5. Total Internal reflection

We saw that when a ray of light enters an optically denser medium, it bends towards the normal.  Conversely, when the ray enters an optically rarer medium it bends away from the normal. 

When the ray is going from denser medium to rarer medium, according to the definition of refractive index,

sin i/sin r = 1 / μ .                                             Eq. 5

Note that

glass μ air    =   1/ air μ glass   =  1 / μ ,                Eq. 6   

In the following figures, the source is at S within the medium.
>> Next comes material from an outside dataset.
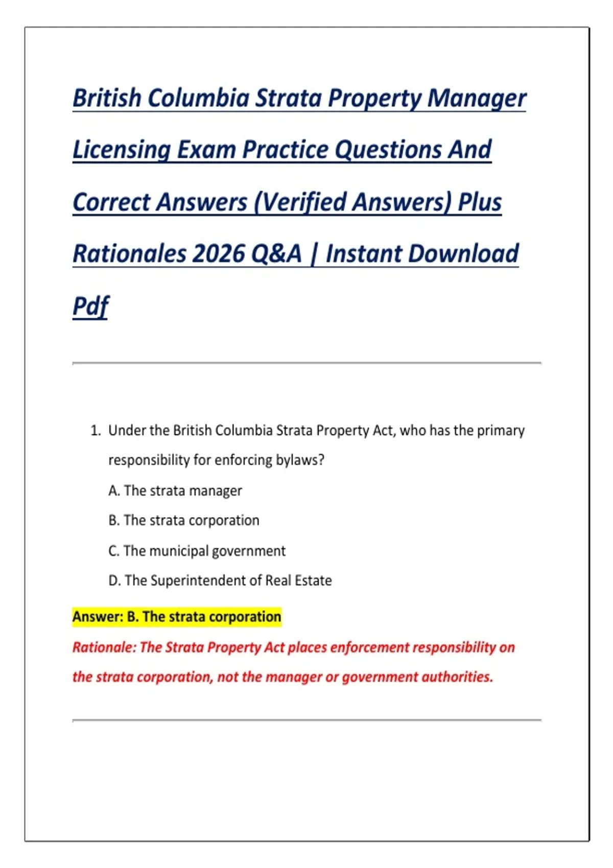 British Columbia Strata Property Manager Licensing Exam Practice Questions | Verified Answers & Rationales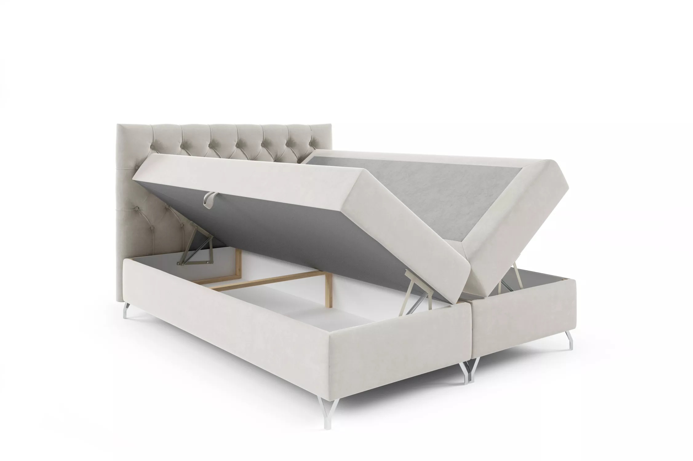 Das luxuriöse Boxspringbett SHANNON steht für Komfort. Das gesteppte Kopfteil sorgt für bequemes Anlehnen beim Lesen, die zeitlose Eleganz wird durch hohe Holzbeine unterstrichen.

As the angle of incidence increases, the angle of emergence increases according to Equation 5. 

In the case of glass, μ =1.52. 

Let us see for what value of i, r  becomes 90 Deg; from Eq. 5,

ic   = sin-1 (sin 90 / 1.52)

  = 41.1 Deg.

For a given medium ic   is called as the critical angle.

When i > ic , the refraction in the air is no longer possible and the light is totally reflected.

As we saw in the beginning, the ray of light gets partially reflected and partially refracted.  Although not shown in these figures,  the ray SO always has a reflected component though small. When the ray undergoes total internal reflection, all the energy is reflected.

The phenomenon of total internal reflection of light has wide applications. In optical instruments for example in binoculars, the length of the instrument is reduced by bending the rays using total internal reflection with the help of right angled prisms.  Optical fibers are used widely in the modern era; the ray propagates in the fiber undergoing multiple total internal reflections at the inner surface of the fiber.